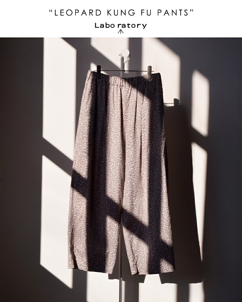Laboratory(ラボレイトリー)よりコットン レオパード カンフーパンツ “LEOPARD KUNG FU PANTS”のご紹介です。遊び心あふれるシルエットとヴィンテージライクな表情が魅力のカンフーパンツ。どこか懐かしく、奥深い風合いのレオパードファブリック。派手になりすぎない絶妙なカラーバランスの豹柄は、日々のコーディネートに小気味よい「GOOD SPICE」を加えてくれます。
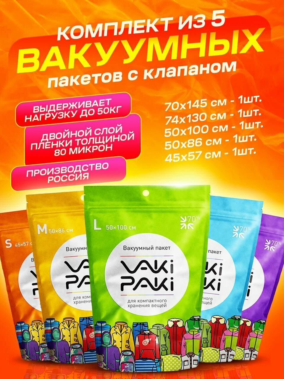 Набор высокопрочных вакуумных пакетов с клапаном для хранения одежды VakiPaki 5 штук информация:
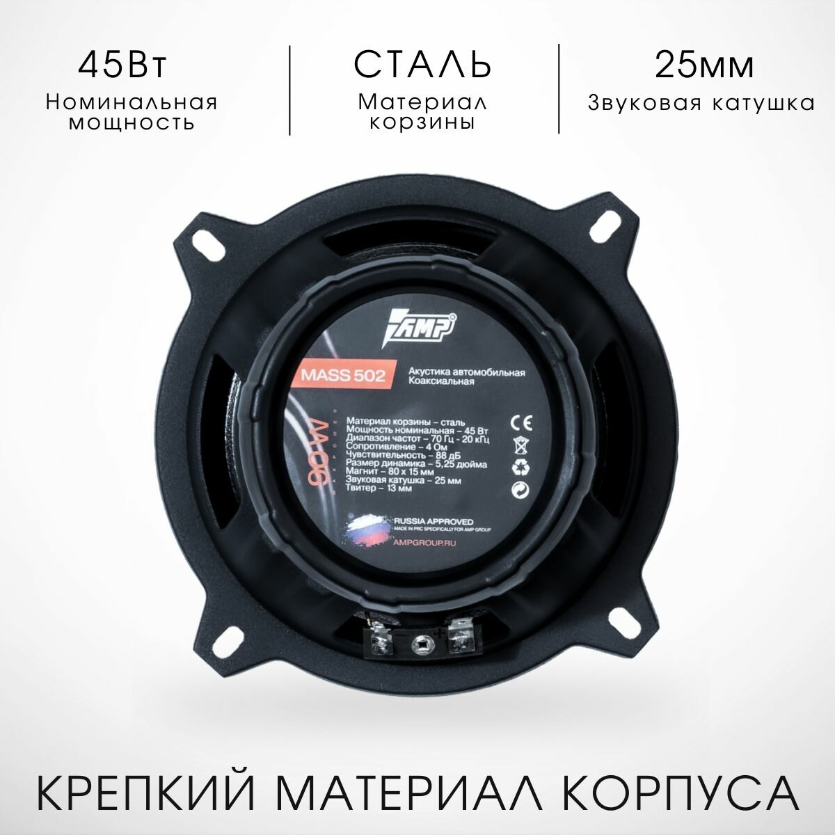 10 цен на Акустика автомобильная 13 см AMP MASS 502 (двухполосная) 2шт
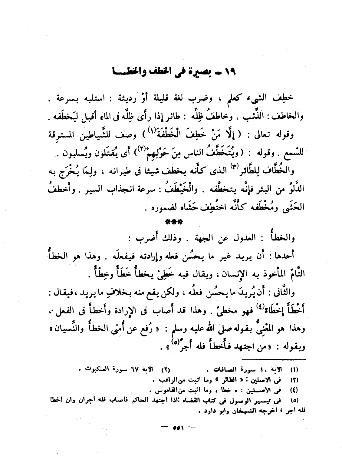 والثَّانى: أَن يُريدَ ما يحسُن فعلُه، ولكن يقع منه بخلافِ ما يريد، فيقال: أَخْطَأَ إِخْطَاءً فهو مخطئ. وهذا قد أَصاب فى الإِرادة وأَخطأَ فى الفعل، وهذا هو المعْنِىُّ بقوله صلى الله عليه وسلم: "رُفع عن أُمتى الخطأُ والنِّسيان" وبقوله: "من اجتهد فأَخطأَ فله أَجرٌ".
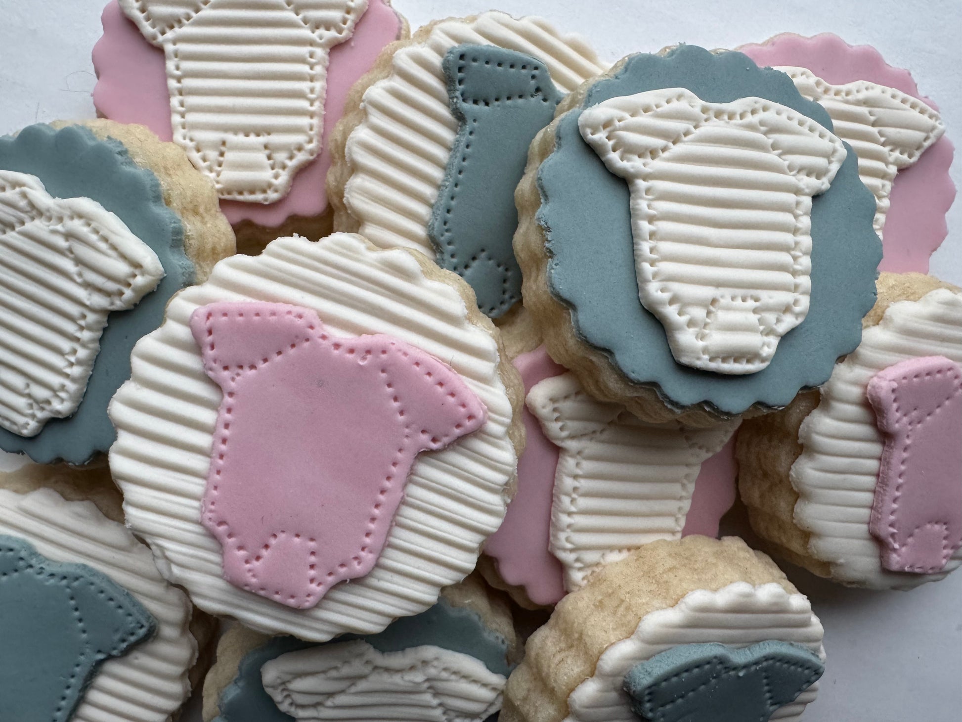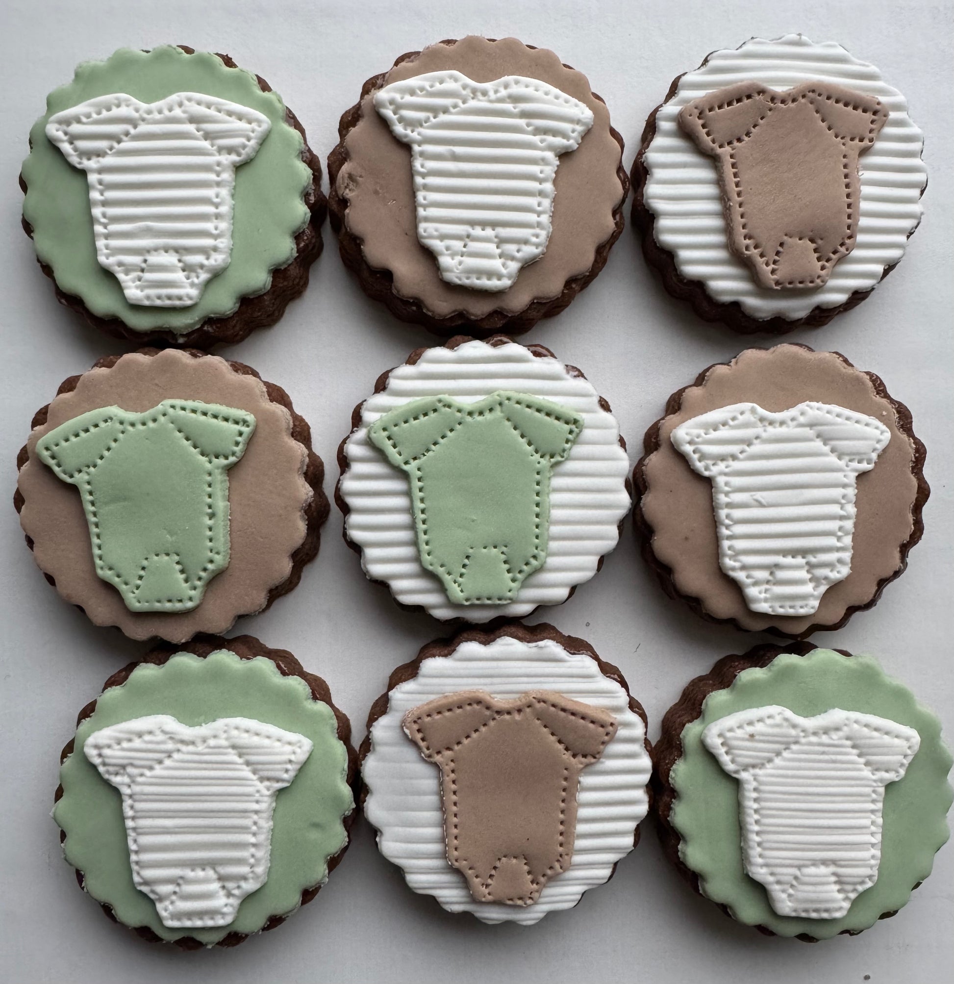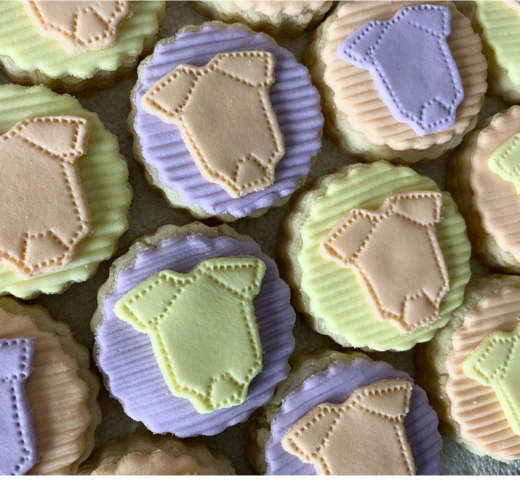 Same popular onesie tea coookies, same details, Onesie Tea Cookies are our most popular bbut in your custom colors - shown here in multicolored pastel orange, lavender and yellow combo, dusty rose and slate blue, sage & milk chocolate. Contact us by email to inquire about custom-design onesie cookies including metallics, custom colors, etc.

..............................

**EXERCISE BRIEF**:
The line containing "10 цен на Акустика" marks the end: retype every line from the first one in the listing up to and including it, without pictures.

**ANSWER AREA**:
Laboratory(ラボレイトリー)よりコットン レオパード カンフーパンツ “LEOPARD KUNG FU PANTS”のご紹介です。遊び心あふれるシルエットとヴィンテージライクな表情が魅力のカンフーパンツ。どこか懐かしく、奥深い風合いのレオパードファブリック。派手になりすぎない絶妙なカラーバランスの豹柄は、日々のコーディネートに小気味よい「GOOD SPICE」を加えてくれます。
 Набор высокопрочных вакуумных пакетов с клапаном для хранения одежды VakiPaki 5 штук информация:
 10 цен на Акустика автомобильная 13 см AMP MASS 502 (двухполосная) 2шт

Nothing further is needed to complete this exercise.